Department of Urology, The University of Texas MD Anderson Cancer Center, Houston, USA.
Department of Genitourinary Medical Oncology, The University of Texas MD Anderson Cancer Center, Houston, USA.
ESMO Open. 2024 Nov;9(11):103964. doi: 10.1016/j.esmoop.2024.103964. Epub 2024 Oct 30.
The purpose of this study was to analyze survival outcomes and pathologic response of patients with cT1N0 small-cell neuroendocrine carcinoma (SCNEC) of the bladder treated with neoadjuvant chemotherapy (neoCTX).
All cases of bladder SCNEC treated at our institution from January 1996 to July 2023 were identified. cT1N0 was defined as transurethral resection pathology showing lamina propria invasion with present and uninvolved muscularis propria. Pathologic downstaging and recurrences were evaluated. Disease-free survival (DFS) and overall survival (OS) were analyzed using the Cox regression and Kaplan-Meier method.
A total of 30 patients with cT1N0 bladder SCNEC were included. Median follow-up was 88 months [95% confidence interval (CI) 44-131 months]. NeoCTX was given to 21 (70%) patients with a median of 4 cycles (range 1-6 cycles). A total of 27 (90%) patients received definitive local therapy. In cT1 bladder SCNEC, neoCTX was associated with decreased odds of pathologic upstaging [odds ratio = 0.07 (95% CI 0.01-0.45), P = 0.004], decreased odds of relapse [odds ratio = 0.12 (95% CI 0.02-0.65), P = 0.01], improved DFS [hazard ratio (HR) 0.30, 95% CI 0.09-0.96, P = 0.04], and improved OS (HR 0.32, 95% CI 0.10-1.02, P = 0.05). Compared with cT2N0 treated with neoCTX, cT1N0 treated with neoCTX had improved median DFS (HR 0.44, 95% CI 0.19-1.03, P = 0.05) and improved median OS (HR 0.52, 95% CI 0.22-1.24, P = 0.14).

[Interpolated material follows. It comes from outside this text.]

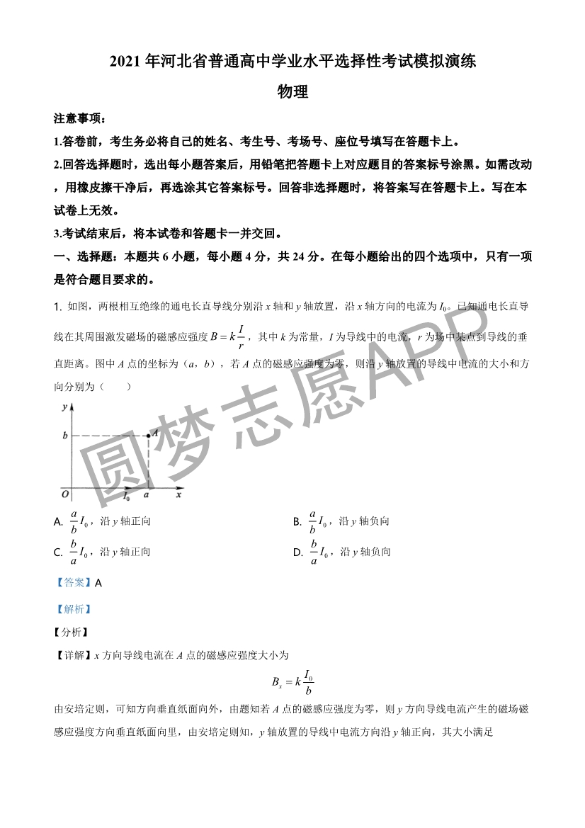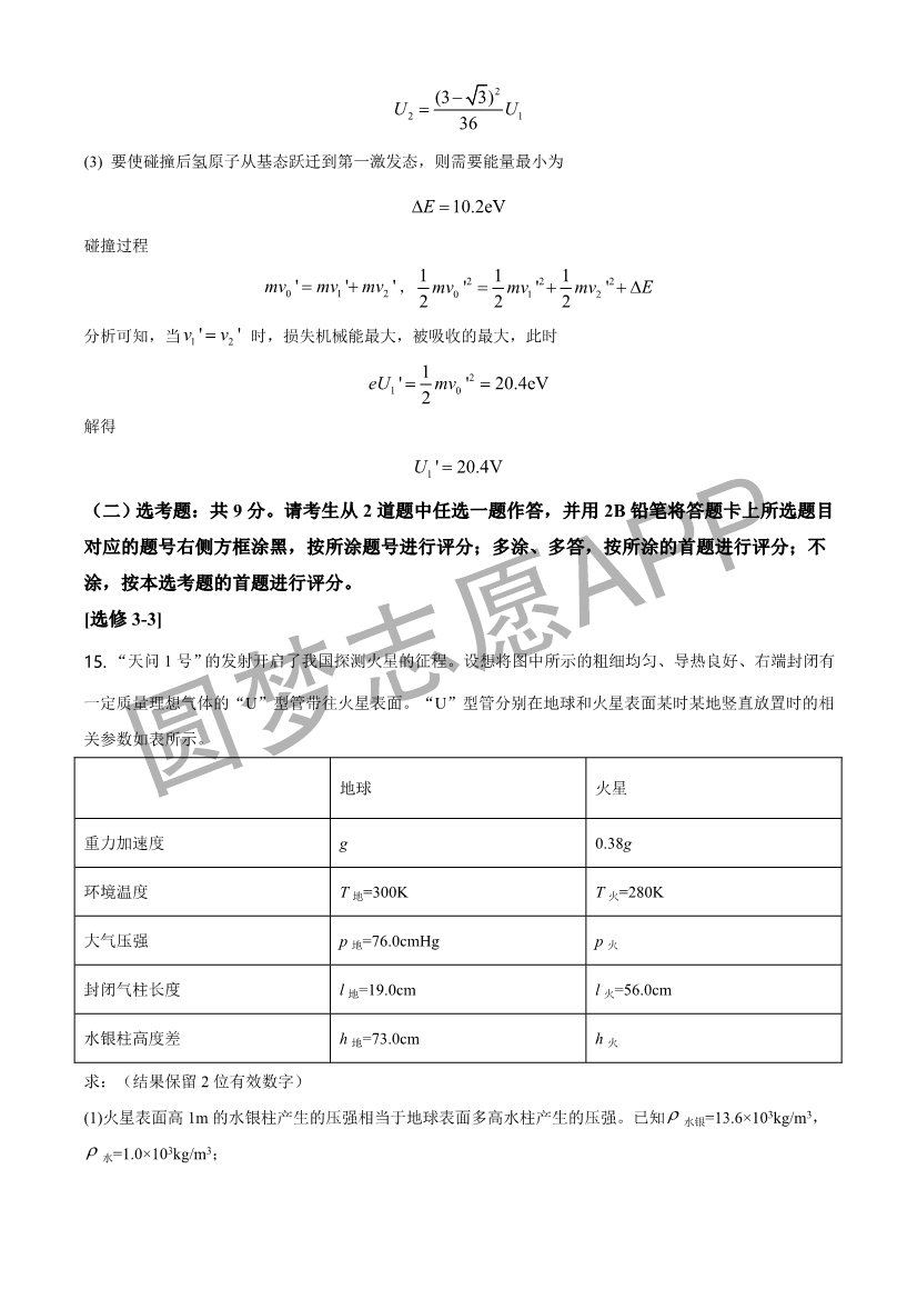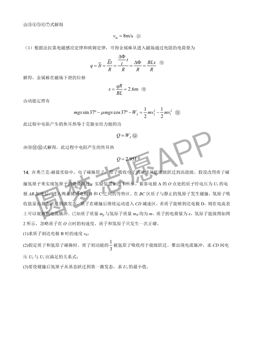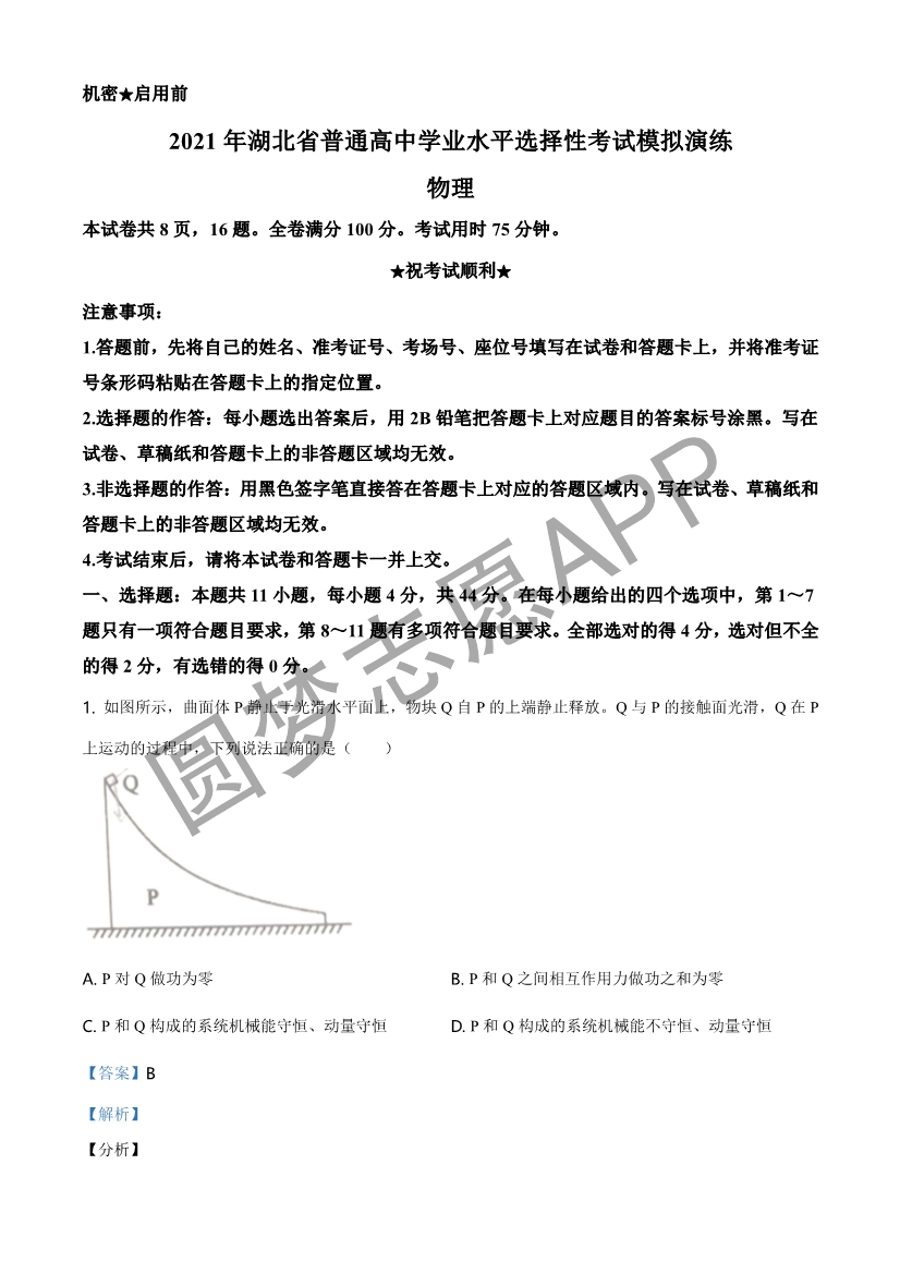 7、2021年新高考八省联考湖北省物理试卷及答案

NeoCTX had suggestive benefit in patients with cT1 bladder SCNEC with decreased odds of pathologic upstaging, metastatic relapse, and improved survival.
本研究旨在分析接受新辅助化疗(neoCTX)治疗的膀胱小细胞神经内分泌癌(SCNEC)cT1N0 患者的生存结局和病理反应。
本研究回顾性分析了 1996 年 1 月至 2023 年 7 月期间在我院接受治疗的所有膀胱 SCNEC 病例。cT1N0 定义为经尿道切除术病理显示固有层侵犯,伴有和不伴有固有肌层受累。评估病理降期和复发情况。采用 Cox 回归和 Kaplan-Meier 法分析无病生存(DFS)和总生存(OS)。
共纳入 30 例 cT1N0 膀胱 SCNEC 患者。中位随访时间为 88 个月[95%置信区间(CI)44-131 个月]。21 例(70%)患者接受 neoCTX 治疗,中位周期数为 4 个周期(范围 1-6 个周期)。27 例(90%)患者接受了确定性局部治疗。在 cT1 膀胱 SCNEC 中,neoCTX 与病理升级的几率降低相关[比值比=0.07(95%CI 0.01-0.45),P=0.004],复发的几率降低相关[比值比=0.12(95%CI 0.02-0.65),P=0.01],DFS 改善相关[风险比(HR)0.30,95%CI 0.09-0.96,P=0.04],OS 改善相关[HR 0.32,95%CI 0.10-1.02,P=0.05]。与接受 neoCTX 治疗的 cT2N0 相比,接受 neoCTX 治疗的 cT1N0 患者的中位 DFS 改善(HR 0.44,95%CI 0.19-1.03,P=0.05)和中位 OS 改善(HR 0.52,95%CI 0.22-1.24,P=0.14)。
neoCTX 对 cT1 期膀胱 SCNEC 患者具有明显获益,可降低病理升级、远处转移复发的风险,并改善生存。